Putting together a group isn’t always easy. McGill has to fend off ghost hunters and treasure seekers. And some private hosts worry that descendants of slaves will knock on their door asking for what McGill calls the “r-word”: reparations. And interestingly, McGill says blacks can be hesitant to participate. “There are a lot of us, being African American, that don’t even want to set foot on a plantation,” he says, explaining that they don’t want to go to a place where their family was held as chattel. “I express to them that they are part of the problem, not the solution. As long as we continue to be afraid to even want to come to these places and have the courage to tell that story, [others] are going to tell it the way they want,” referencing tour guides who say masters were kind and treated their slaves well, calling that narrative, “junk history.” Once that message is delivered and it becomes clear that these stays are about African Americans and their history — revisiting history, not revising it — most agree to participate.
Once others started accompanying him, the project’s aims subtly shifted from an external campaign for recognition to an internal dialogue about race in America. Bringing together descendants of slaves and slaveowners in the very place where one group once shackled the other inevitably prompted soul-searching and candid discussion.

McGill stands with overnight visitors in front of a slave dwelling.

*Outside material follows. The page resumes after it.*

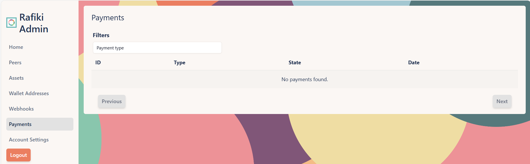 The Payments page allows you to view all incoming and outgoing payments in your Rafiki instance. This allows you to monitor payment activity as well as track the status of payments.

One night in Stagville, a historic North Carolina plantation, for example, young black men spoke by glinting lantern-light of the anger, fear and frustration they live with. In Mississippi, one female college student asked McGill if he had ever met a descendant of slaveowners who is proud of his family’s history. On South Carolina’s Daufuskie Island, a young black man, whose family had been enslaved there, stared at a wall built of tabby concrete, made from broken oyster shells, sand and ash. “I’m allergic to oysters,” he said. “I wonder if my ancestors were.” And in the coachman’s quarters on a Hillsborough, N.C., plantation, a 100-year-old matriarch told stories about her ancestors, who had been born into bondage on the property.
McGill’s stays are not just for African Americans; whites who want to revisit their history as a way of making amends often join him. Prinny Anderson, a leadership coach descended from Virginia slaveowners, has joined McGill on 22 stays to date — all within driving distance of her Durham, N.C., home. When descendants of slaves are sharing their family history, she’s largely silent, preferring to listen and absorb. But when the group is largely white, she says she’s an “instigator,” asking critical questions.
Anderson’s most moving trip was a visit to Monticello, Thomas Jefferson’s hilltop estate in Charlottesville, Va., where she has family connections. She fell asleep in the basement (where the slave workplaces were constructed, hidden from sight), thinking about her distant cousins, white and black, and what it meant to revisit their shared home.
“That really felt like getting the blessing of my ancestors. You came home and slept where your great auntie slept,” Anderson says. “Nobody who lived in the big house during that day ever came down to the [slave] quarters and slept on the floor. In that sense, it was like crossing the bridge.” Spending the night there, it was like Anderson had atoned for something.
Part of the Slave Dwelling Project is to recover slaves’ individual narratives, finding personal stories amidst the black mass in chains. “I think the general perception is that enslaved people were brought here for the ability to do grunt work or heavy lifting: the physical labor. But there’s a lot more to their skills and abilities,” McGill says. From the engineering feat of “taming those cedar swamps” to growing rice and constructing building frames, ironwork, bricks and tools, slaves were vital to the plantation’s production, arguably much more so than any master lounging in the big house.
While the conversation at these places steeped in history may be the most candid talks you’ll hear these days on the subject of race, McGill knows it’s not the only forum for the issue. If anything, he hopes the talks will overflow into guests’ neighborhoods and university dorms. And there, discussion will be led by people who are better informed of their place in the long march for racial equality.
Joseph McGill in his reenactor’s uniform.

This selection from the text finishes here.